Focus Asia

Japan’s international investment to the fore after domination in Dubai

The headline act of the recent racing carnivals in the Middle East was indisputably Japan, and we should no longer be surprised. 

Of the 14 races open to international participation spread across the feature race meetings in Saudi Arabia and Dubai, nine went to Japanese-trained runners.

At Riyadh they were dominant, before making an international-assembled cast look silly and by the time of the Riyadh Dirt Sprint (Gr 3, 1200m) they were leading them a merry dance. 
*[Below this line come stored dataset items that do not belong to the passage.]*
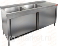 НСЗ2М-18/7БЛ стол нержавеющий с распашными дверцами и моечными ваннами;1800*700*8505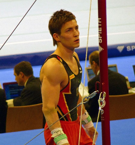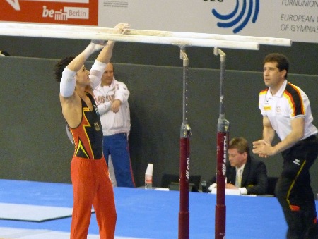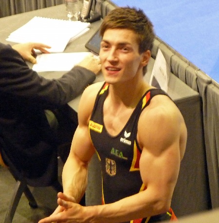 Nachdem er vor zwei Tagen beim Mehr-kampf am Reck gestürzt war, was ihn letztlich eine Medaille kostete, kam er heute glatt durch und turnte sich hinter Philipp vorerst auf den zweiten Platz.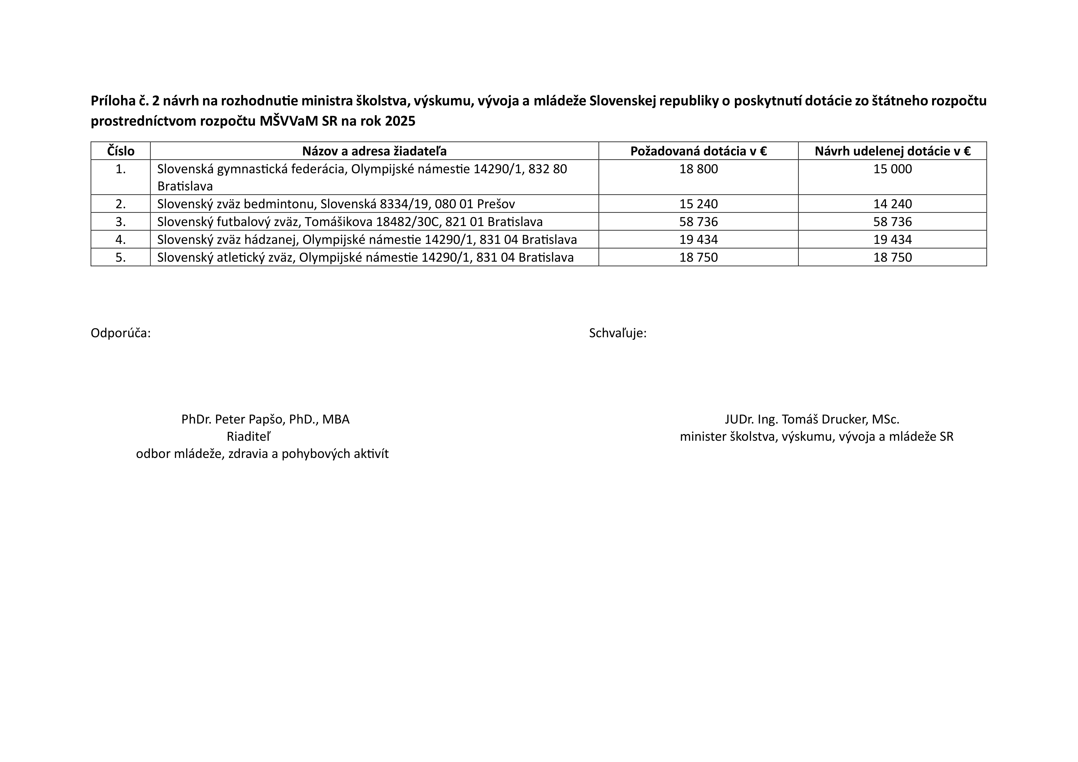 Rozhodnutie ministra Súbory na stiahnutie Rozhodnutie ministra 18.06.2025 (.png, 229.92 kB) 18.06.2025 Rozhodnutie ministra 17.04.2025 (.png, 183.46 kB) 17.04.2025 Rozhodnutie ministra 01.04.2025 (.png, 184.78 kB) 01.04.2025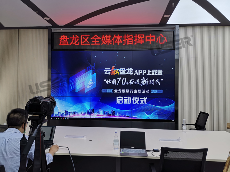 →昆明市盤龍區(qū)融媒體中心55寸拼接屏項目竣工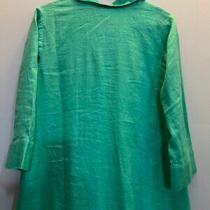 J. Jill Love Linen Shirt Dress, Ocean Green, button down, pockets, slits at bottom. Size M. NEW!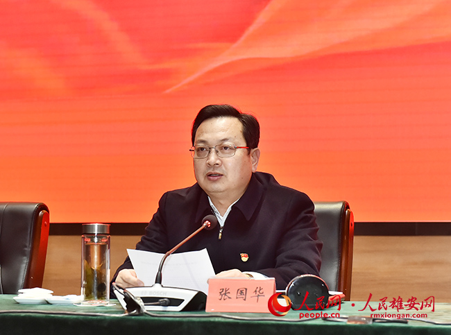 張國華指出,在全黨開展黨史學習教育,是以習近平同志為核心的黨中央立足百年建黨偉業新起點、著眼開創事業發展新局面作出的一項重大戰略決策。習近平總書記多次發表重要講話,作出重要指示,為開展黨史學習教育提供了根本遵循。省委高度重視黨史學習教育,召開動員大會全面部署、精心組織實施。省委書記王東峰同志多次到雄安新區開展專題宣講,為高標準高質量開展黨史學習教育和建設發展雄安新區提供了有力指導和強大動力。在黨中央和省委的堅強領導下、在省委第二巡回指導組的悉心指導下,雄安新區黨工委認真履行政治責任,精心組織、周密部署、扎實開展黨史學習教育,取得了重要成果:堅持以上率下,實現理論學習有深度,在旗幟鮮明講政治上取得顯著成效;堅持創新引領,實現社會參與有廣度,在學思踐悟守初心上取得顯著成效;堅持問題導向,實現為民服務有溫度,在人民群眾得實惠上取得顯著成效;堅持多維聯動,實現氛圍營造有熱度,在干事創業開新局上取得顯著成效。

But if the rest of the world had not learned from victories for Authority (Orfevre), Songline (Kizuna), Stay Foolish (Stay Gold) and Dancing Prince (Pas De Trois) in Saudi, they allowed the Yoshito Yahagi-trained Bathrat Leon (Kizuna) to go off a 66-1 winner in the opening Godolphin Mile (Gr 2, 1600m) in Dubai. 

Stay Foolish then backed up in the Dubai Gold Cup (Gr 2, 3200m), and he was followed by victories for Crown Pride (Reach The Crown) in the UAE Derby (Gr 2, 1900m), Pantalassa (Lord Kanaloa) in a thrilling dead heat to the Dubai Turf (Gr 1, 1800m) and Shahryar (Deep Impact) in the Dubai Sheema Classic (Gr 1, 2400m). 

Of their haul of nine winners, just two were sent off as race favourites to salute. 

This latest sweep of dominance for the Japanese breed is an accumulation of successes on the international stage – Hong Kong will attest to that, and since 2001 when a triple header smash and grab for the Japanese at Sha Tin announced the eastern island as a jurisdiction to be reckoned with. 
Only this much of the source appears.